Alors que les ventes de ces voitures à batterie s’accélèrent dans les pays riches, le secteur du transport maritime s’intéresse de plus en plus à la question.
Les transporteurs restent discrets sur la question: contactés par l’AFP, Grimaldi et K-Line, exploitant du navire qui a pris feu au large des Pays-Bas, n’étaient pas en mesure de commenter cette question mercredi.
Le Japonais Mitsui O.S.K. Lines, armateur malheureux du Felicity Ace, a depuis arrêté de transporter des voitures électriques d’occasion, qui commencent à être exportées vers les pays en développement.

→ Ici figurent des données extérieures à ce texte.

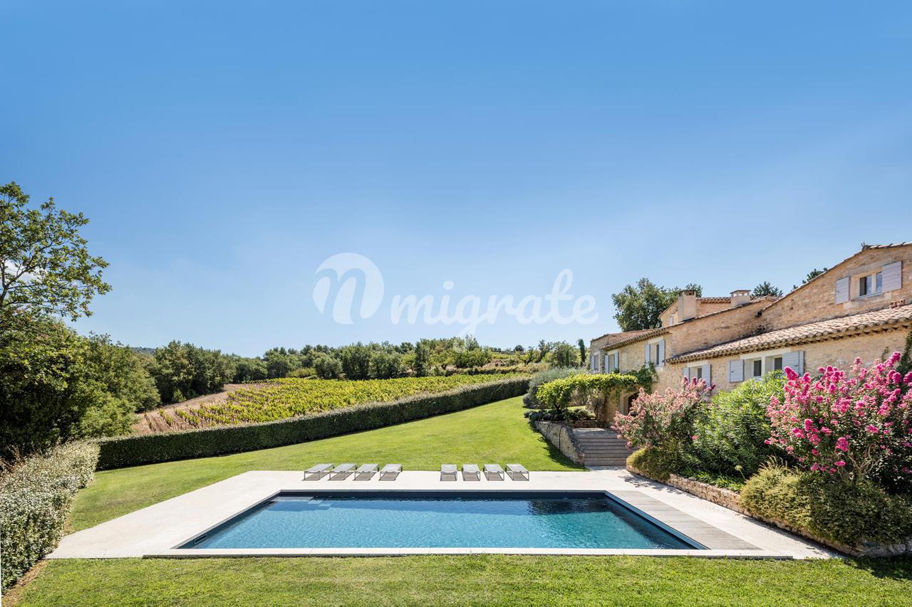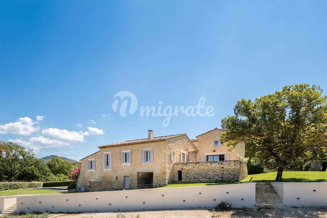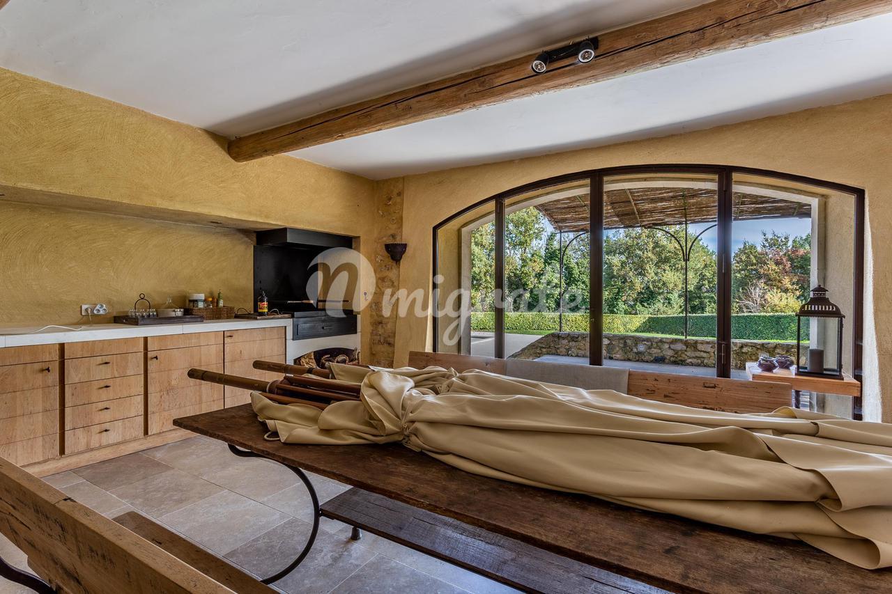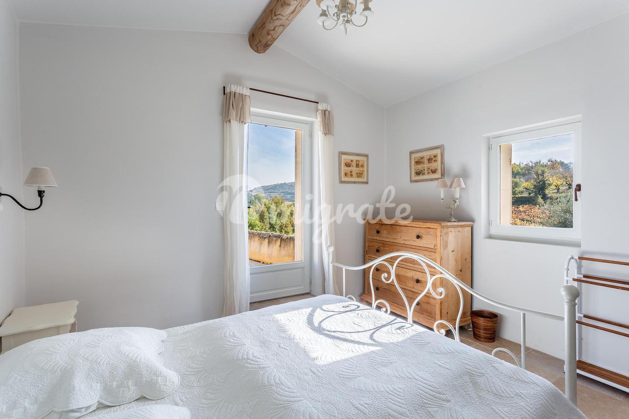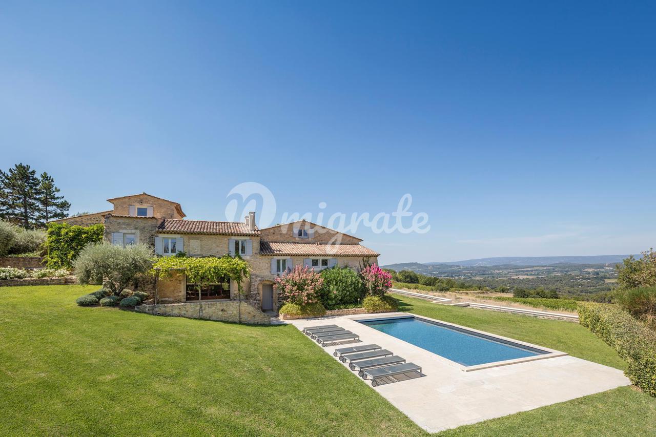 Жилые помещения первой резиденции включают просторную гостиную с мезонином, полностью оборудованную кухню, спальню с ванной комнатой и еще 2 спальни, каждая с собственной душевой комнатой. Вторая резиденция - это гостевые апартаменты с гостиной, кухней, спальней с односпальной кроватью, детской спальней, общей комнатой, ванной комнатой и еще одной спальней с ванной комнатой и террасой. Имущество расположено на огороженном участке площадью около 0,35 гектара, включая бассейн с подогревом и большую летнюю кухню. Из отеля открывается фантастический вид на Люберон.

En Norvège, l’armateur Havila a complètement interdit les voitures hybrides et électriques à bord de ses bateaux touristiques.
“Un feu sur une voiture électrique, hybride ou à hydrogène demanderait une intervention de services de secours externes et mettrait les passagers en danger. Nous prenons la sécurité au sérieux, et ne sommes pas prêts à prendre ce risque”, a souligné la compagnie, pourtant pionnière dans l’électrique, avec de grosses batteries pour propulser ses bateaux.
Emballement thermique
Les incendies de voitures dotées de batteries électriques ne sont a priori pas plus fréquents ou dangereux que ceux de voitures à essence, assure l’Association américaine de protection contre les incendies (NFPA).
Ils nécessitent en revanche des procédures particulières, selon l’organisation qui propose depuis 2010 des formations spécifiques.
Il faut en général beaucoup plus d’eau pour les éteindre et il est aussi fréquent que des batteries prennent à nouveau feu plusieurs heures, voire plusieurs jours, après l’incident initial, à cause d’un phénomène dit “d’emballement thermique” qui peut se produire dans les batteries lithium-ion endommagées.
A bord d’un bateau, cet “emballement thermique” est “quasiment inévitable à moins que l’équipage n’intervienne immédiatement pour contrôler le feu”, prévenait l’assureur Allianz dans une note d’août 2022.
“Malheureusement, cette intervention est rarement possible, faute d’une détection assez précoce, d’un manque d’équipage, et de capacités suffisantes à bord pour lutter contre le feu”. D’autant plus que les voitures sont mélangées et serrées par milliers sur les ponts du bateau, quasiment pare-chocs contre pare-chocs.
L’Agence européenne de sécurité maritime (EMSA) a recommandé en 2022 d’entraîner les marins et d’identifier les voitures par carburant, avec des autocollants par exemples, pour les repérer au plus vite dans les cales en cas d’incident.
L’EMSA recommande surtout de charger les batteries des véhicules électriques entre 20 et 50% seulement de leur capacité: au-delà, le risque d’incendie augmente.
Selon Allianz, des armateurs étudient la possibilité de poser des couvertures ignifuges sur les voitures électriques.
Le transporteur norvégien Höegh Autoliners s’adapte de son côté au passage de son pays à 100% de voitures électriques en 2025: son prochain navire, l’Aurora, prévoit davantage de sécurité, mais aussi des rampes et des ponts renforcés pour accueillir les voitures à batterie, bien plus lourdes que leurs cousines à essence.